El Gobierno provincial hizo entrega del armamento, que forma parte de un plan de renovación de los instrumentos que portan las fuerzas de seguridad.
La incorporación de armas lanzadoras Byrna a los patrullajes de la Policía de Santa Fe en Rosario marcó un nuevo enfoque en la estrategia de seguridad provincial. Luego de que el Gobierno provincial adquiriera las herramientas en marzo, el mandatario Maximiliano Pullaro hizo entrega del armamento.
Desde este sábado, los agentes comenzaron a utilizar estos dispositivos, que disparan balas de gas pimienta y polímero, como parte de un plan de reequipamiento impulsado por las autoridades. El objetivo central es ofrecer una alternativa de baja letalidad para enfrentar situaciones de riesgo, situándose como una opción intermedia entre las armas de fuego convencionales y la contención física.
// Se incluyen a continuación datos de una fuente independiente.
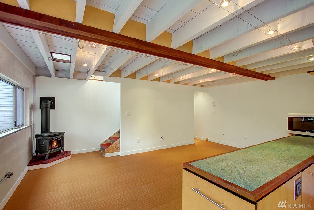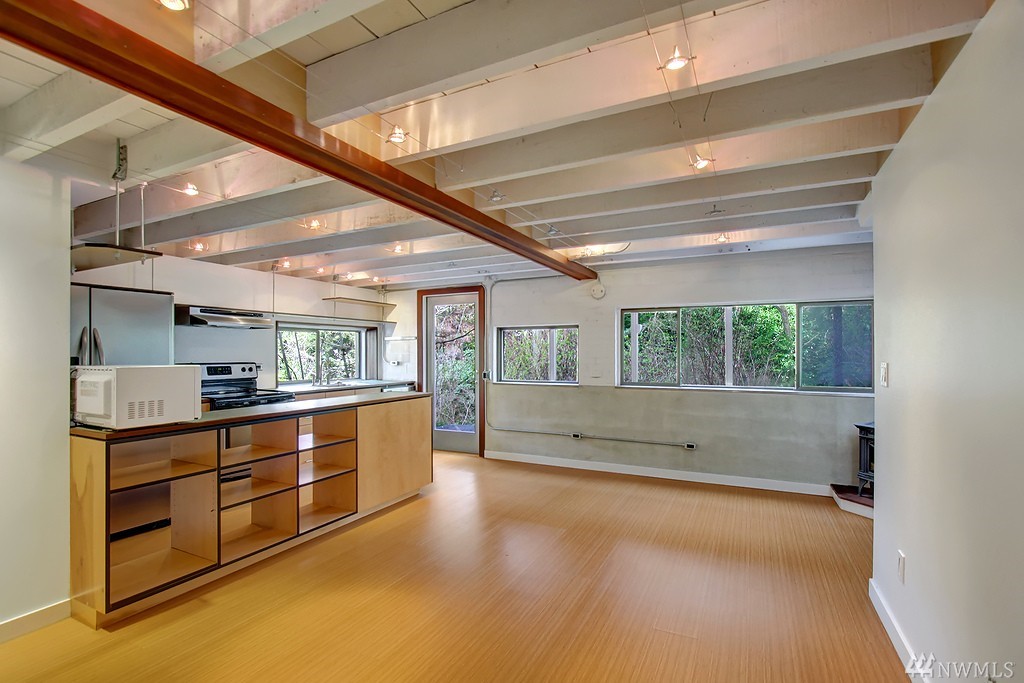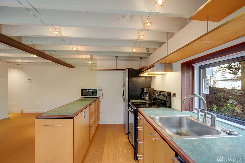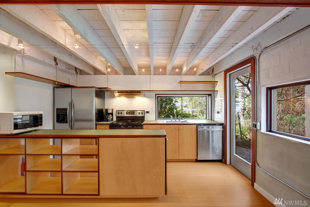 Adorable brick & wood cabin circa 1945 tucked away in North Beach. The reverse flr plan has bedrm, walk in clst & fll bth up. "Great Room" is on the LL. Updated open kit is the hub of entertaining next to lrg liv rm w/ gas stve. Enjoy cverd patio BBQ & din alfresco. Sit & enjoy the calm natural setting w/ soothing sounds of the babbling creek wafting from below. Perfect "Pied a Terre" to enjoy Seattle. Or...live simply & enjoy Ballard." Associate Membership" to North Beach Club avail.
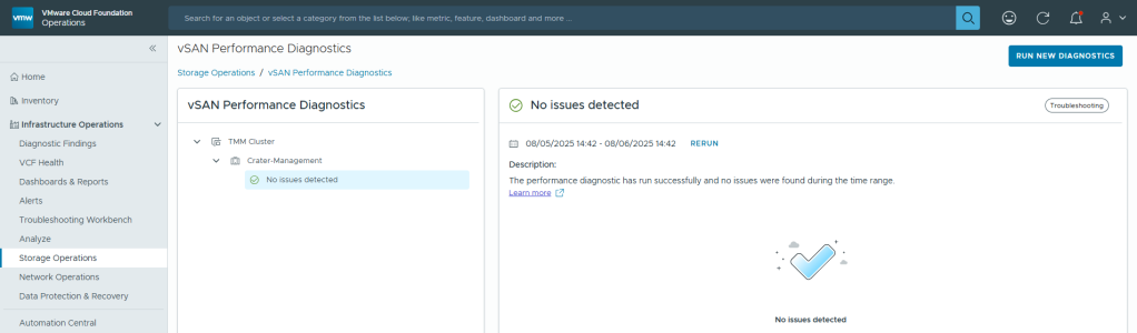 Within the Storage Operations View, clicking on “View Diagnostics” leads you to a vSAN Performance Diagnostics page. This allows you to produce a sanity check for your vSAN ESA clusters, where you can select one of two diagnostics goals: Troubleshooting, which is intended for a production cluster, or Benchmarking, which is geared for new clusters prior to moving into production.

En este sentido, explicaron que las armas Byrna funcionan de manera similar a una pistola tradicional, pero emplean proyectiles no letales y son impulsadas por dióxido de carbono. Su alcance llega hasta 20 metros, lo que permite a los agentes incapacitar o disuadir a un agresor sin recurrir a munición letal.
El equipamiento adquirido incluye no solo pistolas, sino también rifles y ametralladoras. Cada uno de ellos fueron diseñados para operar con distintos tipos de munición adaptados a diversas situaciones operativas.
La adquisición de 100 armas Byrna se realizó a través de una licitación que contempló también la compra de Taser, dispositivos que ya forman parte del arsenal de la Policía de Santa Fe. De este total, 67 unidades han sido asignadas a la jurisdicción de Rosario, donde son empleadas por la Brigada de Orden Urbano, el Comando Radioeléctrico, la PAT y la Guardia Provincial. El resto de los dispositivos se distribuirá en otras zonas de la provincia, ampliando así la cobertura de esta tecnología de baja letalidad.
Durante la jornada inaugural de los patrullajes con las nuevas armas, el gobernador, la vicegobernadora Gisela Scaglia y el ministro de Justicia y Seguridad de Santa Fe, Pablo Cococcioni, supervisaron personalmente el despliegue, subrayando la importancia de dotar a las fuerzas de herramientas que permitan reforzar la seguridad ciudadana sin incrementar los riesgos asociados al uso de armas letales.